2 Nov 2020

Solicitor-General faces Abuse in Care Inquiry over Crown role

7:44 pm on 2 November 2020

The Solicitor-General has fronted up to the Abuse in Care inquiry, telling the Commissioners she was there to explain the Crown's role but not to necessarily defend it.

Acting Director of GCSB

Solicitor-General Una Jagose, QC. Photo: RNZ / Alexander Robertson

The Royal Commission is continuing its hearing in Auckland into the processes around redress for people abused and neglected in state care.

In the early part of the redress hearing, it heard from a number of survivors outlining their experiences and the battle many faced to get compensation and an apology.

For many it involved lengthy court cases, with some successful and others not.

While up against Crown agencies, such as the Ministries of Social Development, Justice, Health and Education, the body overseeing the Crown's legal response was the Crown Law Office.
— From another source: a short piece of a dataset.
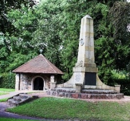 Obelisk zu Ehren der 78 Kriegstoten des Ersten Weltkrieges aus Knesebeck. Die Namen sind nach den vier
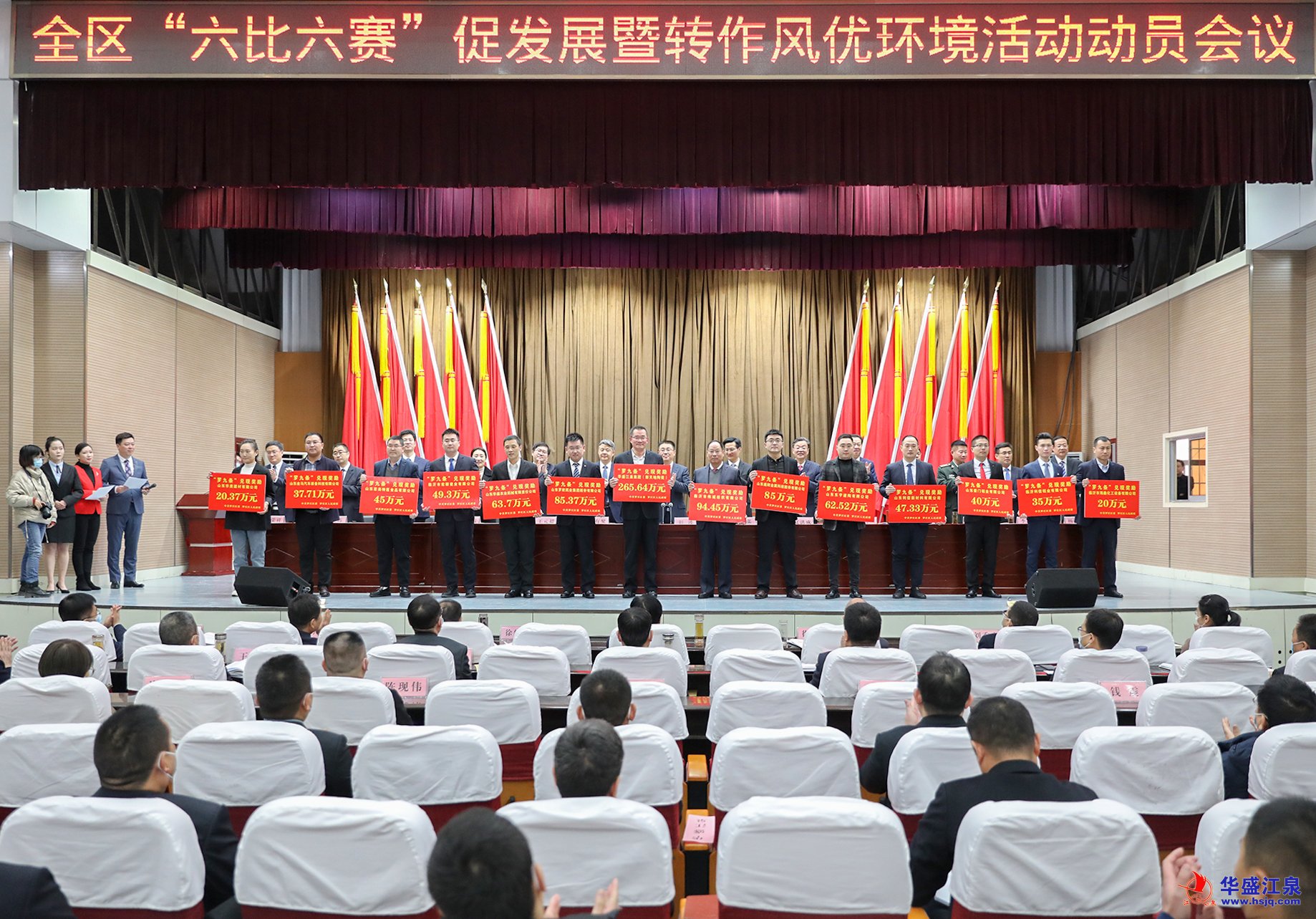 2月10日,羅莊區(qū)“六比六賽”促發(fā)展暨轉(zhuǎn)作風優(yōu)環(huán)境活動動員會議召開,動員全區(qū)上下牢固樹立“項目為王、企業(yè)至上”的理念,一切圍繞企業(yè)轉(zhuǎn),一切盯著項目干,努力跑出項目建設“加速度”,打造營商環(huán)境“金招牌”,展現(xiàn)作風建設“新氣象”,推動全區(qū)經(jīng)濟社會高質(zhì)量發(fā)展。為表揚先進、樹立典型,羅莊區(qū)委、區(qū)政府對2021年度具有特殊貢獻的先進企業(yè)進行了表彰。在此次受表彰的全區(qū)15家“2021年度龍榜企業(yè)”中,華盛江泉集團榮登榜首。沈泉莊黨委書記、華盛江泉集團常務副總經(jīng)理、財務總監(jiān)張毅參加動員會議并上臺領獎。

Its head, Solicitor-General Una Jagose acknowledged the long fight survivors have had to get their experiences in state carefully examined by an independent body.

"I understand they will have low trust in state agencies and in the courts and I understand in that context litigation is extremely difficult and the processes can seem very harsh and cold."

She described the Crown's litigation response as being about ensuring that liability is properly attributed.

"I acknowledge the pain and frustration that they have suffered in engaging with the Crown in seeking redress for their experiences, and I get it in the litigation response that can be seen as the Crown ducking for cover."

Jagose admits the Crown has not always been survivor-focused.

"It might be that we are never as survivor focused as survivors want us to be, but there have been significant shifts taken in the litigation processes. Undoubtedly the Commission will recommend others and I am listening, we are listening," she said.

A number of survivors were in the public gallery when Jagose was giving evidence.

She said the Crown must always be aware of any precedent that may eventuate from a court case.

In evidence from survivors given to the Royal Commission last month there was often criticism of the Crown's tactics.

"Tactics is a word that I perhaps wouldn't use. I would just say litigation steps. Both the Crown as defendant and the survivors as plaintiffs took steps in response to what the other one does. Litigation kind of works like that, that you take 'ah, there is a defence, have I got an answer to the defence', and the steps follow."

Jagose believes the Crown's understanding of an abuse survivor's viewpoint has evolved over time.

"And I acknowledge that we have been slow to bring a survivor focus. We have been doing that over quite some years, but I take the criticism that that has been a slow process."

The Solicitor-General said there has been shifts over time to try and conduct litigation in a way less brutal than the normal application of rules and processes, but in the end it was a contest between two parties.